Больничные бабули с перевязанными коленками прыгали мимо по коридору на костылях (всем после операции велели двигаться!), измученно выдохнув, оседали на кровати, а переведя дух, баюкали рассказами про поликлиники, анализ крови, сын предлагал в центр здоровья платно, но взял уже на эту операцию кредит – сколько я могу его разорять. Пошла в районную. И трогательные подробности бесплатной медицины, перемешанные с рецептами квашеной капусты, свекольного кваса, бисквита. Вроде б просто, но когда добавляешь к взбитым желткам треть взбитых белков, оставшееся то есть, мешать надо аккуратно, не кругом, а как бы так снизу вверх, иначе осядет! И духовка холодная должна быть. В холодную ставим духовку. Капусту квашеную – мои метут только так. А я вам расскажу, как я делаю…

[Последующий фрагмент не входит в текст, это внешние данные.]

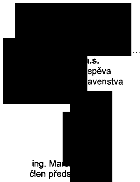
ing. Malý člen předsedy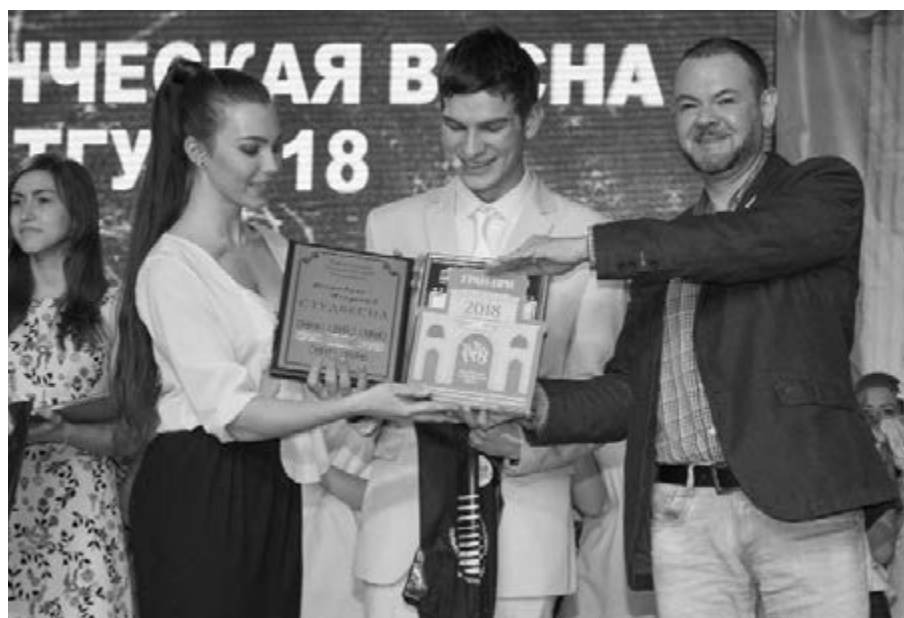
■ Гуманитарный ТГУ — чемпионы «Студвесны-2018»

Родные бабушки-пчелы сумели бы поддержать кулинарные разговоры. Нина только жадно и благодарно внимала, ей просто нравилось плыть в потоке совершенно бесполезных для нее, но таких красочных теоретических знаний, красневших ягодкой клюквой (ее в капусту можно просто добавить потом), зеленевших укропчиком, отсвечивающих золотом поджаренных по всем правилам пирожков – и переполненном доброты русских женщин, к которым у Нины слабость. Всегда была, в больнице лишь обострилась.
Ее бабушки тоже пекли, солили, мариновали, ставили тесто, не тяготясь своей ношей, напротив, теперь только, вырвавшись из заточения зимних квартир, они и жили, дышали полной грудью, хотя жили по-прежнему не для себя, но и это входило в набор. Здесь это «не для себя» было свободным. У той, что давно (почти целую жизнь) жила без мужа, наконец появлялось, о ком позаботиться, – в охотку, регулируя уровень и напор, та, что была при деде, от привычных забот о деде, язвительном и с годами все более ворчливом, приезжавшем только на выходные, почти на всю неделю освобождалась – и могла опекать еще не научившихся ее критиковать внучек, а теперь вот и Ниночку, которая тоже только рассеянно ее благодарила. И заниматься любимым.